— What you need to do —
Output the listing verbatim, leaving out every picture.

— Input data —
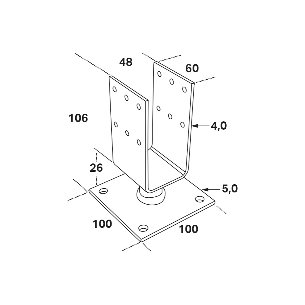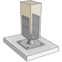 Stolphållare CSUF används för fastsättning i betong vid montering av trästolpar. För icke bärande konstruktioner. För fastsättning används ankarspik 4,0, ankarskruv 4,8 och M8-bult.
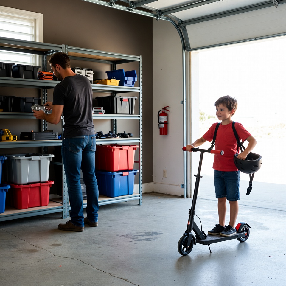 A man with short hair stands by metal shelves organizing tools and colorful storage bins in a spacious garage. A young boy wearing a red shirt, shorts, and holding a black scooter helmet stands nearby with his electric scooter. The open garage door reveals bright daylight outside.
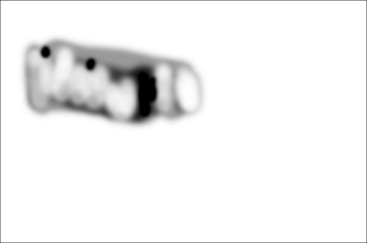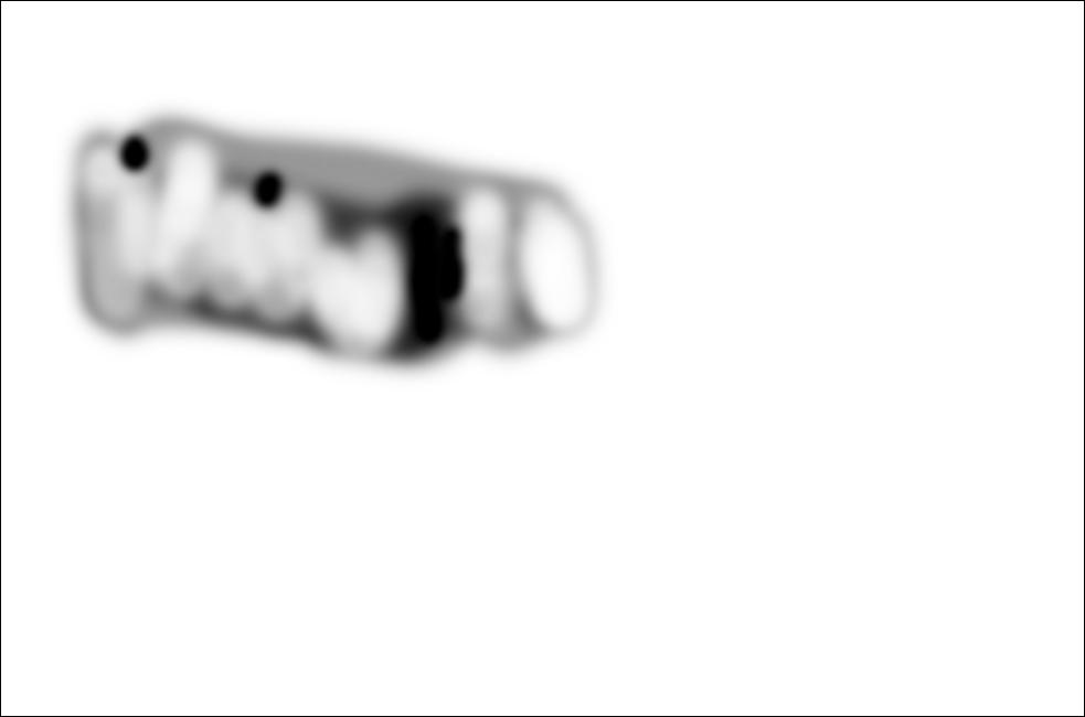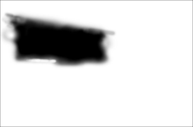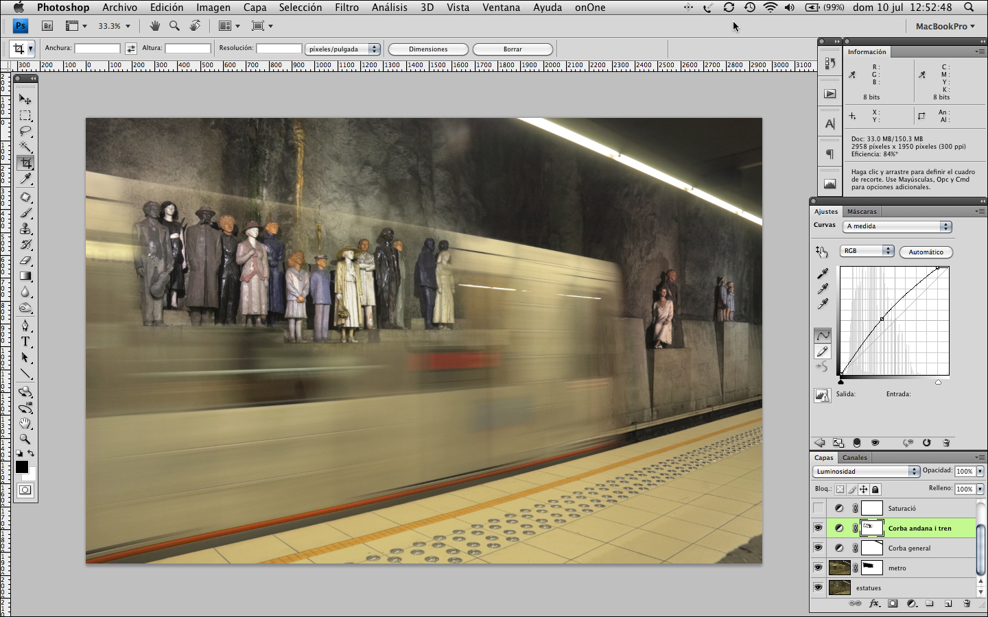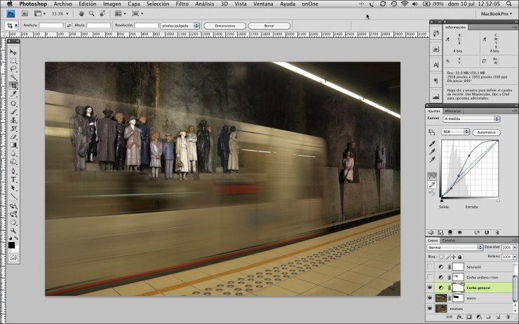 A partir de estos ajustes, se procesan de la misma forma las dos imágenes tomadas, se abren en Adobe Photoshop y se juntan como capas de un mismo archivo. Dado que la imagen es de bajo contraste y es previsible tener que proceder a una expansión del histograma para aumentar el contraste, al menos en las zonas en que se considere adecuado, se procesan los archivos raw a 16bit de salida para evitar problemas de posterización posteriores (histograma en “peine”). En este caso se coloca la imagen de las estatuas en la capa inferior y la del tren en la superior. Con una máscara de capa se procede a la mezcla manual de las partes correspondientes a cada imagen. Aquí cada cual puede tener su propia opinión respecto de lo que es más adecuado o interesante. La máscara utilizada y el resultado de la mezcla se muestran a continuación:

— Task answer —
 Stolphållare CSUF används för fastsättning i betong vid montering av trästolpar. För icke bärande konstruktioner. För fastsättning används ankarspik 4,0, ankarskruv 4,8 och M8-bult.
 A man with short hair stands by metal shelves organizing tools and colorful storage bins in a spacious garage. A young boy wearing a red shirt, shorts, and holding a black scooter helmet stands nearby with his electric scooter. The open garage door reveals bright daylight outside.
 A partir de estos ajustes, se procesan de la misma forma las dos imágenes tomadas, se abren en Adobe Photoshop y se juntan como capas de un mismo archivo. Dado que la imagen es de bajo contraste y es previsible tener que proceder a una expansión del histograma para aumentar el contraste, al menos en las zonas en que se considere adecuado, se procesan los archivos raw a 16bit de salida para evitar problemas de posterización posteriores (histograma en “peine”). En este caso se coloca la imagen de las estatuas en la capa inferior y la del tren en la superior. Con una máscara de capa se procede a la mezcla manual de las partes correspondientes a cada imagen. Aquí cada cual puede tener su propia opinión respecto de lo que es más adecuado o interesante. La máscara utilizada y el resultado de la mezcla se muestran a continuación:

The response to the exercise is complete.